EXERCISE INSTRUCTIONS:
Your answer should be an exact copy of all the entries, free of pictures.

[Data records]
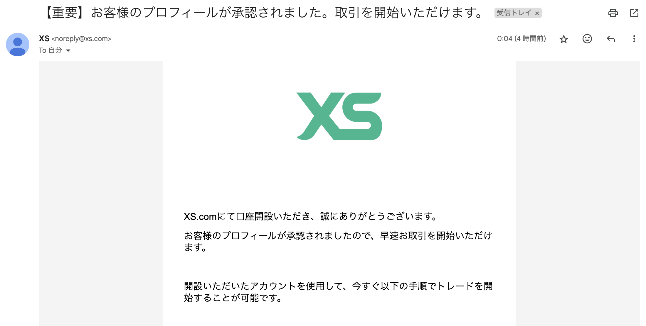 本人確認書類と住居証明書類の承認が完了すると、登録したメールアドレスに完了メールが届きます。
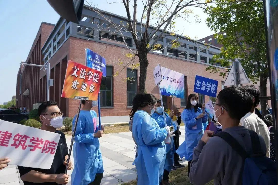 在两校区的校门口,信息核查员、行李消杀员、车辆引导员、秩序维护员、后勤保障员、核酸检测人员……所有的志愿者都严阵以待,每天身着十余小时的防护服,湿透的衣服,满身的疲惫,也掩不住师生相逢的喜悦。
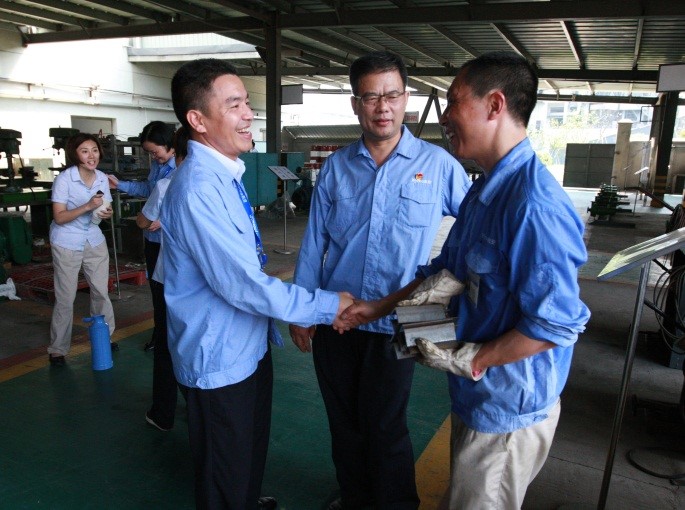 7月25日,集團(tuán)黨委書記潘秋友、總部黨委書記陸冬云和所屬支部書記頂著烈日,帶著全體黨員的心意,先后來(lái)到白南山留守組、馬目園區(qū)各工廠和部門,將一箱箱加多寶、鹽汽水送到員工手中,向他們道一聲:“你們辛苦了,注意防暑降溫!”
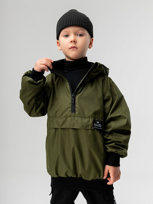 Стильная ветровка анорак для детей. Материал верха: Дюспо, материал подклада хлопок 100 %, материал подклада на рукавах таффета. Материал Дюспо: водоотталкивающий, воздухообменный и ветрозащитный. Детали: сквозные боковые карманы, несъемный капюшон на стойке закрывает шею.Температурный режим от +8 до +15.
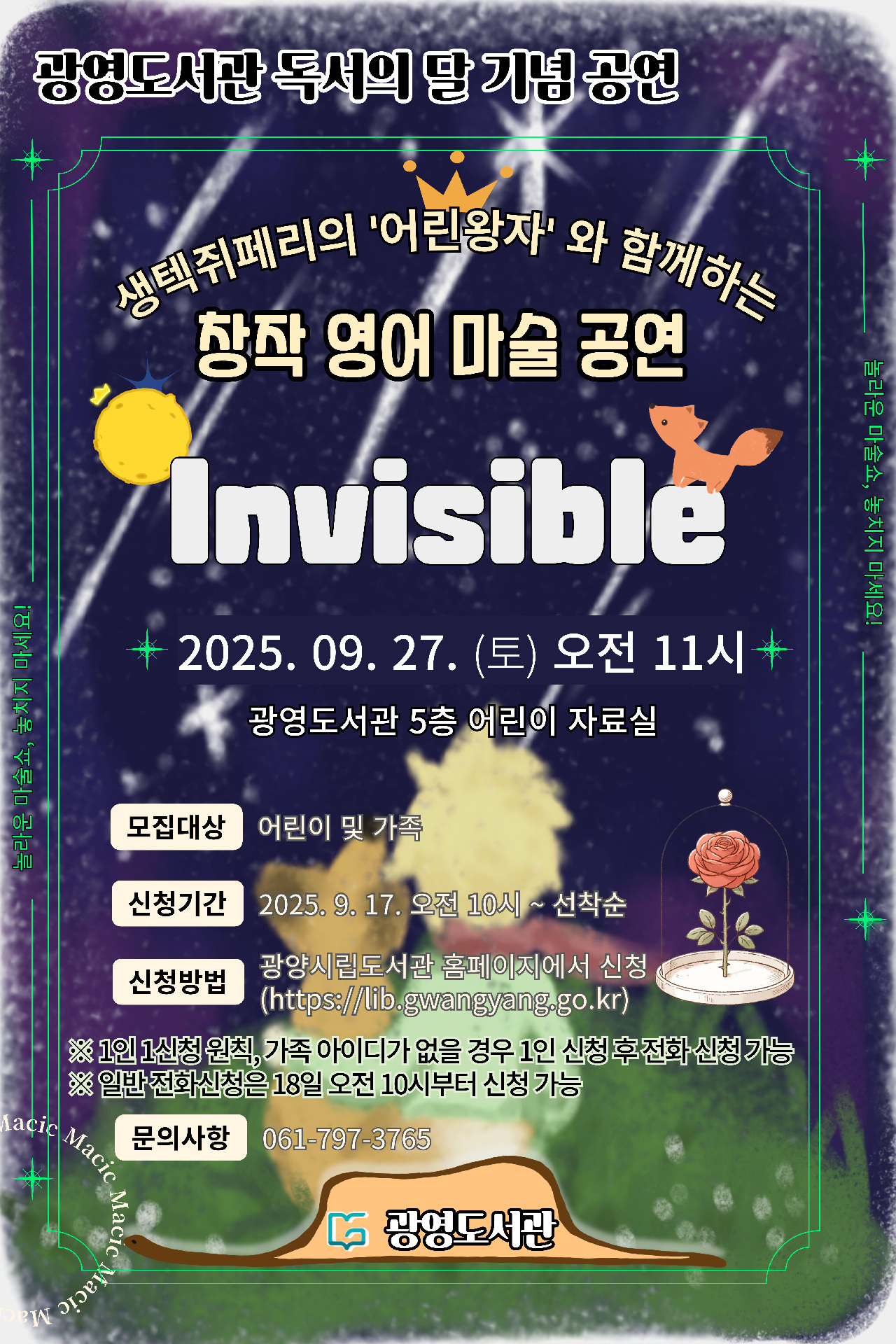 이번 공연은 생텍쥐페리의 소설 『어린왕자』를 소재로 한 창의적인 마술 무대로, 오는 9월 27일 오전 11시 광영도서관 5층 어린이실에서 열린다.
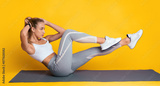 Fitness Workout. Young Woman Doing Bicycle Crunch Abs Exercise Over Pink Studio Background. Panorama

TASK ANSWER:
 本人確認書類と住居証明書類の承認が完了すると、登録したメールアドレスに完了メールが届きます。
 在两校区的校门口,信息核查员、行李消杀员、车辆引导员、秩序维护员、后勤保障员、核酸检测人员……所有的志愿者都严阵以待,每天身着十余小时的防护服,湿透的衣服,满身的疲惫,也掩不住师生相逢的喜悦。
 7月25日,集團(tuán)黨委書記潘秋友、總部黨委書記陸冬云和所屬支部書記頂著烈日,帶著全體黨員的心意,先后來(lái)到白南山留守組、馬目園區(qū)各工廠和部門,將一箱箱加多寶、鹽汽水送到員工手中,向他們道一聲:“你們辛苦了,注意防暑降溫!”
 Стильная ветровка анорак для детей. Материал верха: Дюспо, материал подклада хлопок 100 %, материал подклада на рукавах таффета. Материал Дюспо: водоотталкивающий, воздухообменный и ветрозащитный. Детали: сквозные боковые карманы, несъемный капюшон на стойке закрывает шею.Температурный режим от +8 до +15.
 이번 공연은 생텍쥐페리의 소설 『어린왕자』를 소재로 한 창의적인 마술 무대로, 오는 9월 27일 오전 11시 광영도서관 5층 어린이실에서 열린다.
 Fitness Workout. Young Woman Doing Bicycle Crunch Abs Exercise Over Pink Studio Background. Panorama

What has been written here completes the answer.